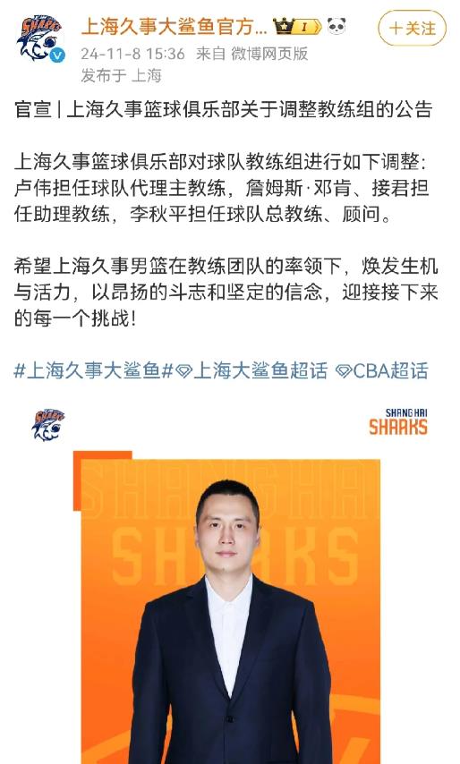 上海男篮继续调整主教练,这次是队里的本土年轻助理教练顶上。
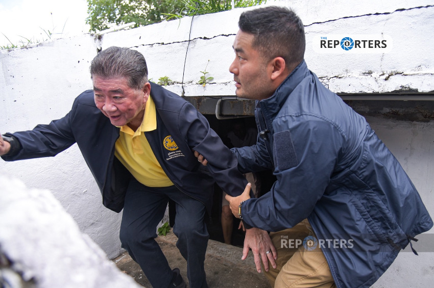 จากนั้นได้เดินมาดูหลุมหลบภัย อีกจุดหนึ่ง พร้อมระบุว่า ส่วนนี้ต้องให้ติดพัดลมไม่เช่นนั้นจะอยู่กันไม่ได้ ขอให้มีการตรวจให้เรียบร้อยจุดไหนที่ต้องมีการซ่อมแซมก็ขอให้บอก
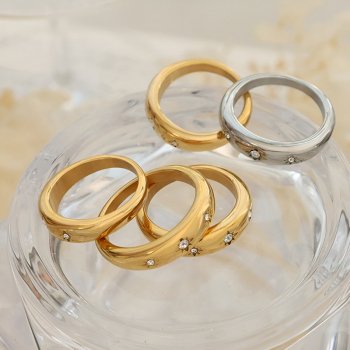 Asymmetric Water Droplets Star Ring, 18K Gold Plated Zircon Stainless Steel
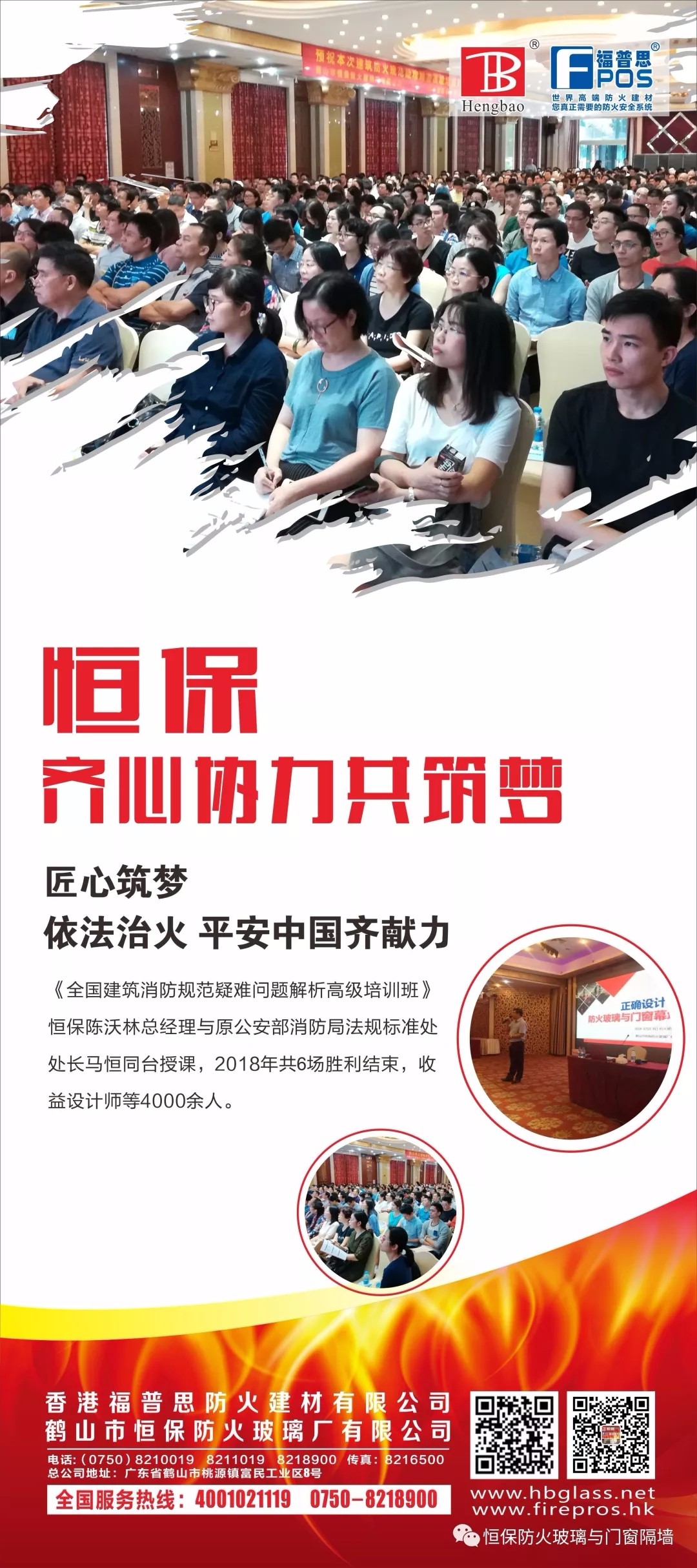 鶴山市恒保防火玻璃廠有限公司2018年與“中國(guó)建筑設(shè)計(jì)研究院人才培訓(xùn)中心”原公安消防局法制標(biāo)準(zhǔn)處處長(zhǎng)馬恒一起分別廣東深圳、湖南長(zhǎng)沙、湖北武漢、廣西南、山東濟(jì)南、廣東廣州,共同舉辦了6場(chǎng)《全省建筑消防規(guī)范疑難問(wèn)題解析高級(jí)培訓(xùn)班》,所到之處深受到設(shè)計(jì)師們的歡迎,受益設(shè)計(jì)師達(dá)4000多人次。

▶ [Your objective]
Since the pictures are not wanted, write out the rest of the data exactly as it reads.

▶ [Answer space]
 上海男篮继续调整主教练,这次是队里的本土年轻助理教练顶上。
 จากนั้นได้เดินมาดูหลุมหลบภัย อีกจุดหนึ่ง พร้อมระบุว่า ส่วนนี้ต้องให้ติดพัดลมไม่เช่นนั้นจะอยู่กันไม่ได้ ขอให้มีการตรวจให้เรียบร้อยจุดไหนที่ต้องมีการซ่อมแซมก็ขอให้บอก
 Asymmetric Water Droplets Star Ring, 18K Gold Plated Zircon Stainless Steel
 鶴山市恒保防火玻璃廠有限公司2018年與“中國(guó)建筑設(shè)計(jì)研究院人才培訓(xùn)中心”原公安消防局法制標(biāo)準(zhǔn)處處長(zhǎng)馬恒一起分別廣東深圳、湖南長(zhǎng)沙、湖北武漢、廣西南、山東濟(jì)南、廣東廣州,共同舉辦了6場(chǎng)《全省建筑消防規(guī)范疑難問(wèn)題解析高級(jí)培訓(xùn)班》,所到之處深受到設(shè)計(jì)師們的歡迎,受益設(shè)計(jì)師達(dá)4000多人次。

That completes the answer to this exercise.